The conjugate addition product, ethyl 4-butanoate was isolated as a clear colorless oil using this efficient one-pot protocol. Analysis of proton and carbon NMR spectra confirm the structure and purity. Of specific note in the proton spectrum analysis is the presence of a two-proton AB quartet at a chemical shift of 2.15 ppm, indicating that the diastereotopic C2 hydrogens spin couple.
A three-proton singlet at a chemical shift of 0.94 ppm represents the Z1 quaternary methyl group. A collection of cyclic ketone addition products with beta quaternary centers were prepared in good to excellent yields using this simple and efficient one-pot protocol. All reaction products were analyzed by proton and carbon NMR, as well as high resolution mass spectrometry and found to be of high purity.

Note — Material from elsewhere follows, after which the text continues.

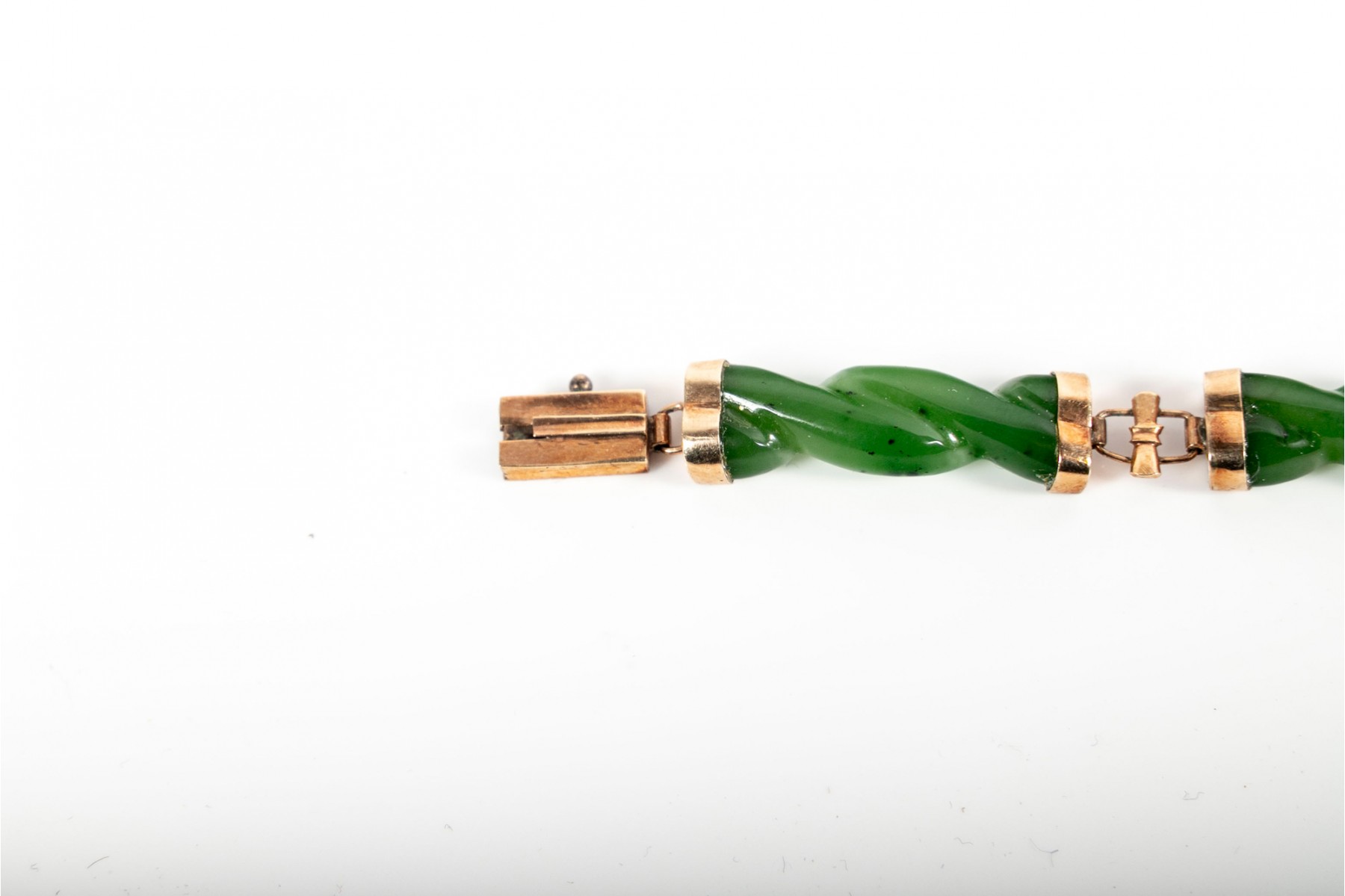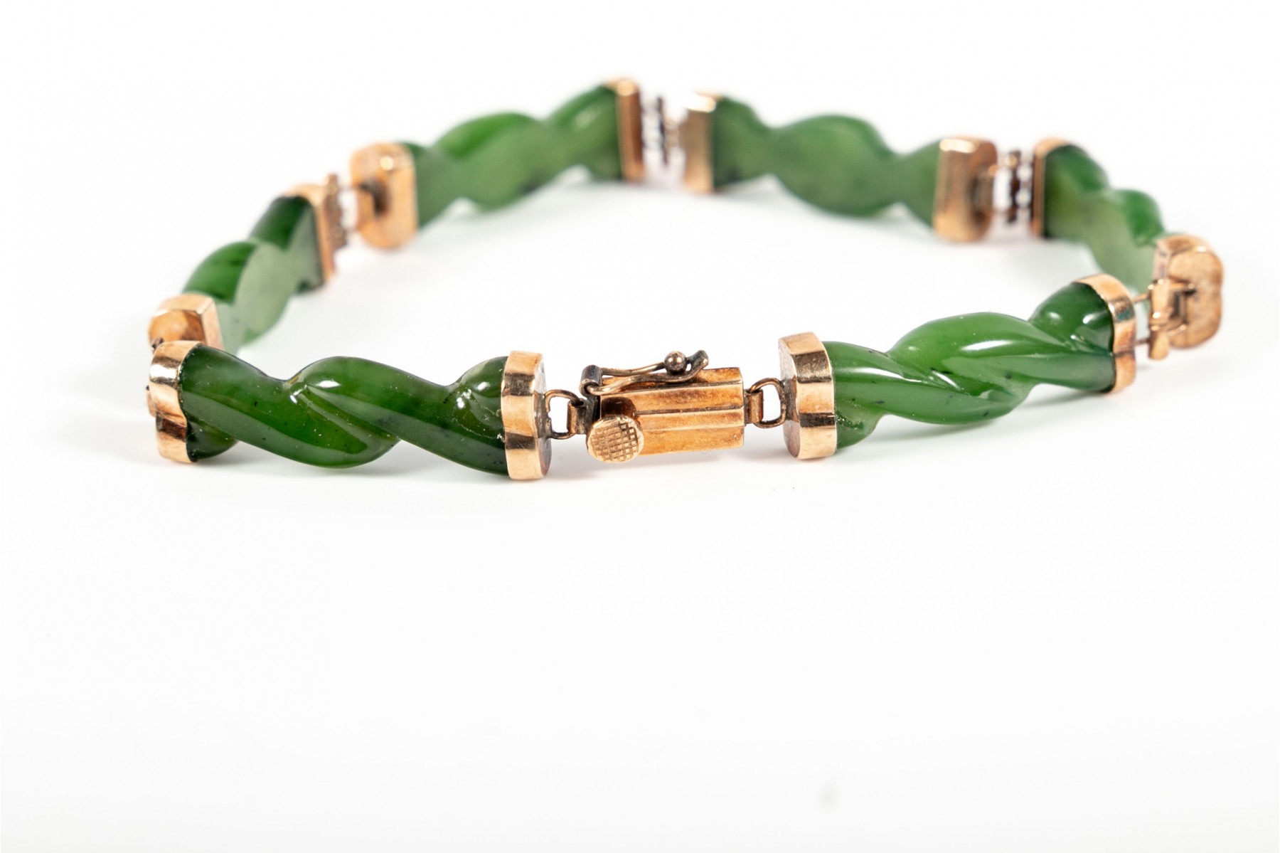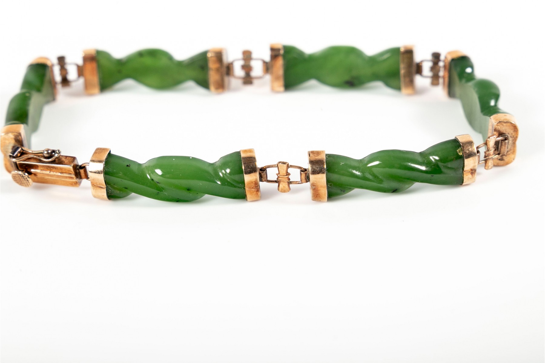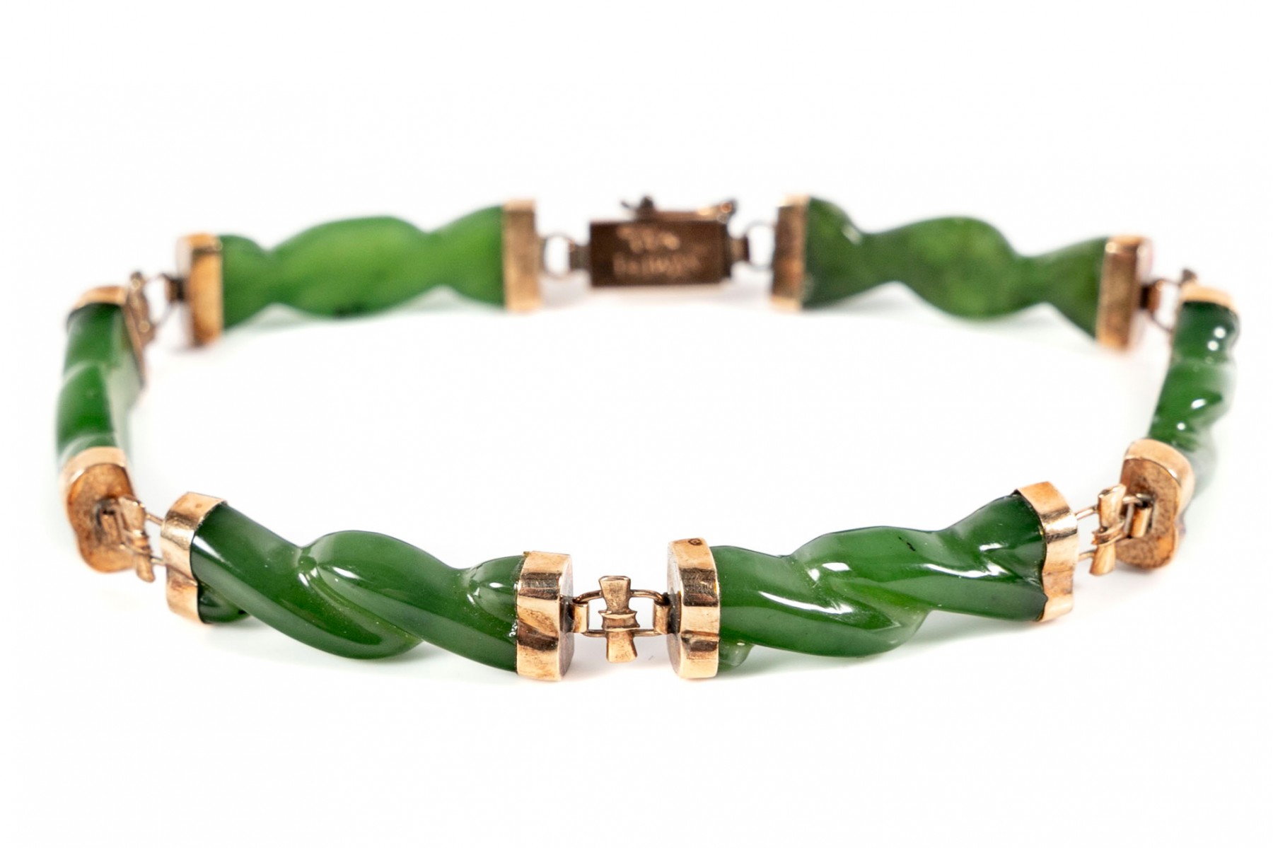 A beautiful yellow gold bracelet with links of nephrite jade in a sophisticated moss green, carved into barley twist or spiral motifs, capped in gold and accented with bow or scroll-shaped spacers.

In addition to the incorporation of ester, nitrogen, and halide functionality this reaction protocol furnishes products with various ring sizes and high levels of stereoselectivity when using chiral alpha, beta-unsaturated ketones. It is evident from these examples that the favored pathway involves delivery of the organic fragment to the alkene face opposite to non-hydrogen groups at the gamma and delta position of the alpha-beta unsaturated ketone. It is important to verify complete zinc insertion of the organobromide due to the diminished yields obtained with decreased equivalents of monoorganozinc reagent.
The reagents and solvents used in this procedure are generally flammable and mildly toxic. Reactions should be carried out in fume hood using appropriate personal protective equipment.